O artigo 313 do Código Civil Brasileiro diz: “o credor de
coisa certa não pode ser obrigado a receber outra, ainda que
mais valiosa” e o inciso I do art. 35 do Código de Defesa do
Consumidor que traz a previsão de que o consumidor pode
“exigir o cumprimento forçado da obrigação, nos termos da
oferta, apresentação ou publicidade” compõem o embasamento legal positivo para enquadrar o prestador de serviços
como sendo sujeito passivo de obrigação de resultados13,19.
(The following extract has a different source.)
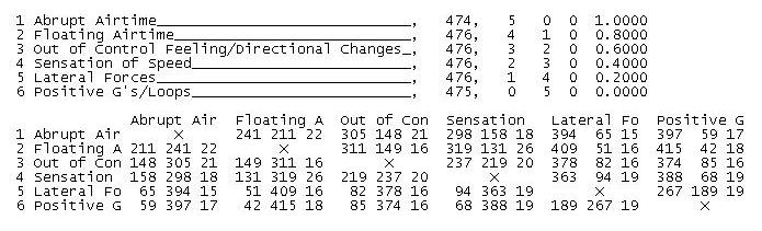 both were preferred to Lateral Forces and Positive G's/Loops. Positive G's/Loops

Alguns doutrinadores defendem a obrigação odontológica como de resultado. Acreditam que o devedor deve alcançar determinado fim, pois, sem isso, não se chegará ao
resultado pretendido. Entendem que o resultado equivale à
própria obrigação12,18.
A grande parte dos conflitos entre pacientes e ortodontistas se dá pelo fato de que alguns juristas consideram a
Ortodontia uma especialidade de fim, quando, na verdade,
sua prática está sujeita aos fatores que a caracterizam como
atividade de meio1,10,15,17.
O ortodontista deve respeitar os limites impostos pelo
quadro clínico e radiográfico existente a fim de expor, antes
do início do tratamento, todos os fatores locais e sistêmicos
que podem interferir no sucesso da terapia ortodôntica em
questão1,10.
Partindo da premissa de que todas as áreas do conhecimento são falíveis, a Ortodontia também o é, por isso, o profissional que executa as atividades e causa prejuízo a outrem
não pode eximir-se do direito alheio quando agir com culpa,
mesmo naqueles contratos em que pressupõem um perigo,
uma obrigação de garantia.
Apesar das dúvidas estabelecidas sobre definir a obrigação odontológica de meio ou fim, existe uma tendência
em considerá-la fim. Contudo, essa inclinação não deve ser
concretizada sem que haja maior debate sobre o tema, pois
como relatado acima, não se pode considerar que todos os
resultados negativos em relação ao tratamento sejam culpa
do profissional, tendo, assim, que arcar com o ônus.
Se o diagnóstico for correto e a conduta terapêutica adequada e, mesmo assim, surgiu o dano, não existe nexo de
causalidade entre a conduta e o resultado, isentando o autor
da responsabilidade de indenizar4,5,6,7,8,9,10.